Most of us have enjoyed the mild winter weather that has lingered into January as predicted by the National Oceanic and Atmospheric Administration (NOAA) back in October. The Old Farmer's Almanac also made the exact same forecast in September, but the Farmers' Almanac (a separate publication) says both those claims are wrong when it comes to some areas of the country. According to their 2019 winter weather outlook, parts of the central US can expect some "teeth-chattering" cold temperatures starting in mid-February. States they claim will be affected range from Montana to Minnesota in the North all the way down to New Mexico, Texas, and Louisiana.
In contrast to that forecast, NOAA officials predict that most of the US will continue to experience a soggy winter through February. According to them, even Hawaii and Alaska can expect warmer weather conditions. Although snow can be a burden when it comes to shoveling driveways or adding chains to vehicle tires, the idea of a warm, rainy winter isn’t much more appealing. Both NOAA and the Old Farmer's Almanac lay blame on the arrival of a weak El Niño in late fall, which NOAA explains is a periodic warming of sea-surface temperatures.
You can take a look below to see how the Old Farmer's Almanac mapped out the muggy details, and to check out how your area will be affected:
Mike Halpert, the deputy director of NOAA’s Climate Prediction Center, explained that although it's not a strong push from El Niño, "it may still influence the winter season by bringing wetter conditions across the southern United States, and warmer, drier conditions to parts of the North.”

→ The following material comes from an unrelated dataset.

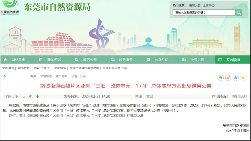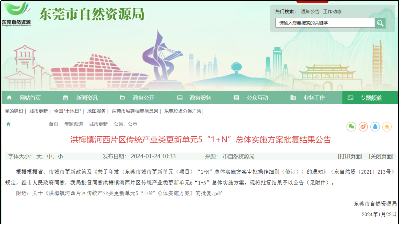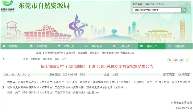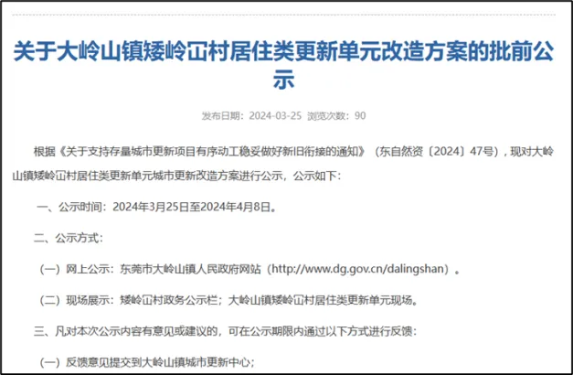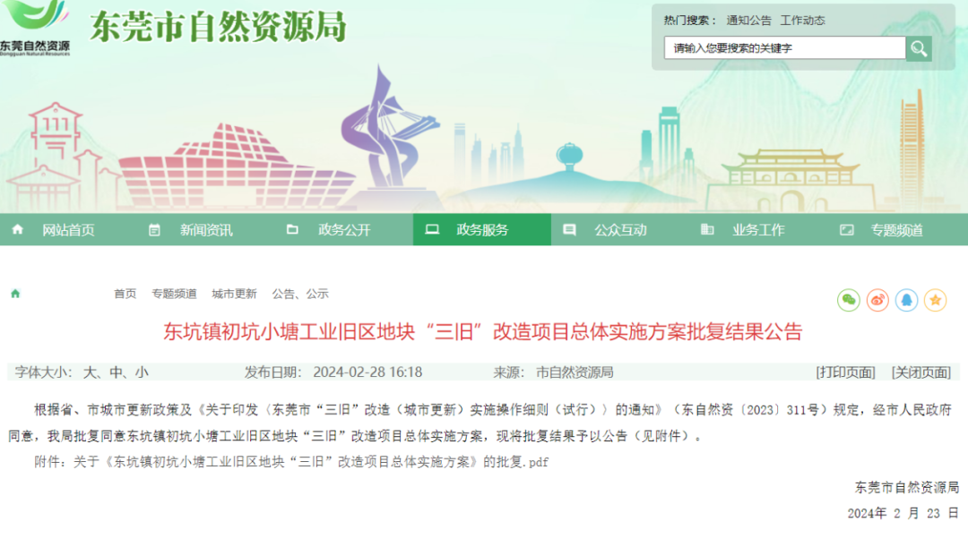 改更新单元位于东城南片区立新社区,东至莞长路、南至旗同大街、西至纵二路、北至光大路,用地面积为228000㎡,这次以单一主体挂牌招商方式进行改造。

If you already started daydreaming about making snowmen or sledding down hills in your area, we’re sorry to burst your bubble. Instead of airing out your parkas and snow boots to prepare for frosty temperatures, you’ll need to hang onto your galoshes and raincoats for a bit longer. On the bright side, at least most of us won’t have to worry as much about icky road conditions like black ice popping up and making things worse — or getting stuck inside without power for days at a time when ice storms hit.